--- START ---

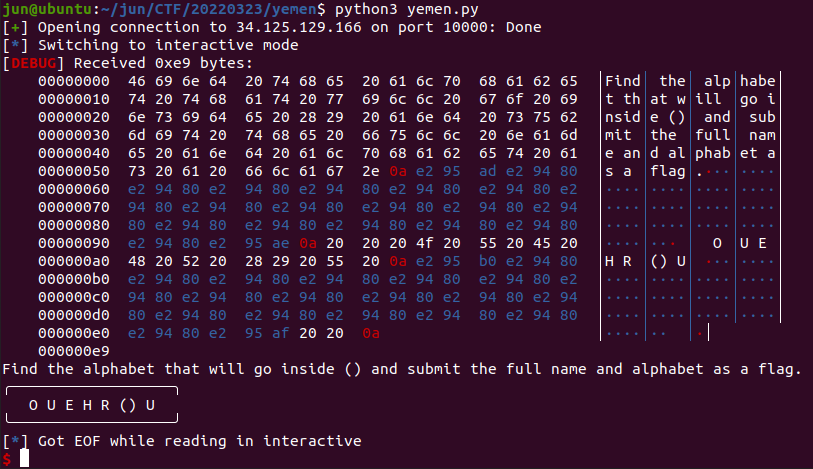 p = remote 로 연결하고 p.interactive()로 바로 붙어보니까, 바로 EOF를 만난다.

--- END ---
--- START ---

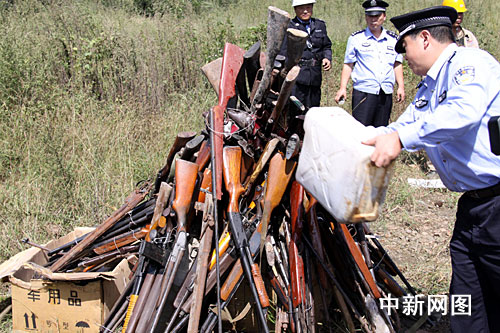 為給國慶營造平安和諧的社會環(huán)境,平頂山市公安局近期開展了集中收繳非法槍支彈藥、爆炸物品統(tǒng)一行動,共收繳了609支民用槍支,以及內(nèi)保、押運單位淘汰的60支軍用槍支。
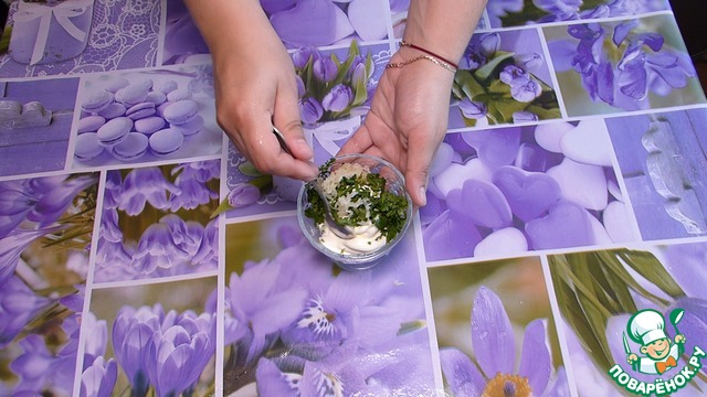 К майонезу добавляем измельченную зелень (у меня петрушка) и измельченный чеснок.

--- END ---
--- START ---

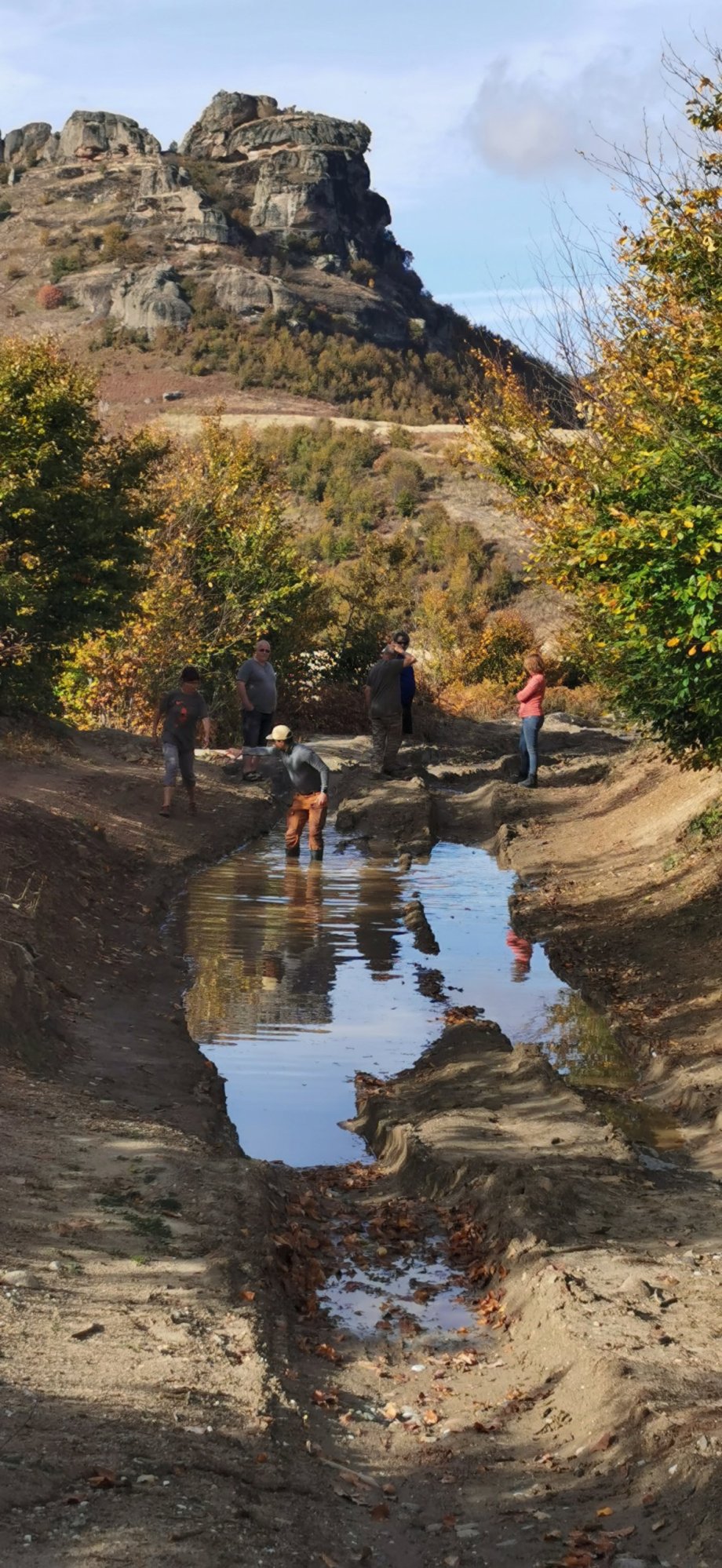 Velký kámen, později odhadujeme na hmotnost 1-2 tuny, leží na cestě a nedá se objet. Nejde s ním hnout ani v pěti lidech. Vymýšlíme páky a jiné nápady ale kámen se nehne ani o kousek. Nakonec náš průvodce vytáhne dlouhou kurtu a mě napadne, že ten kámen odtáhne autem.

--- END ---

§ **What to produce**
Here the job is to copy the listing above word for word, starting at the line with "為給國慶營造平安和諧的社會環" and ending at the line with "К майонезу добавляем", and to leave out the pictures.

§ **Exercise solution**
 為給國慶營造平安和諧的社會環(huán)境,平頂山市公安局近期開展了集中收繳非法槍支彈藥、爆炸物品統(tǒng)一行動,共收繳了609支民用槍支,以及內(nèi)保、押運單位淘汰的60支軍用槍支。
 К майонезу добавляем измельченную зелень (у меня петрушка) и измельченный чеснок.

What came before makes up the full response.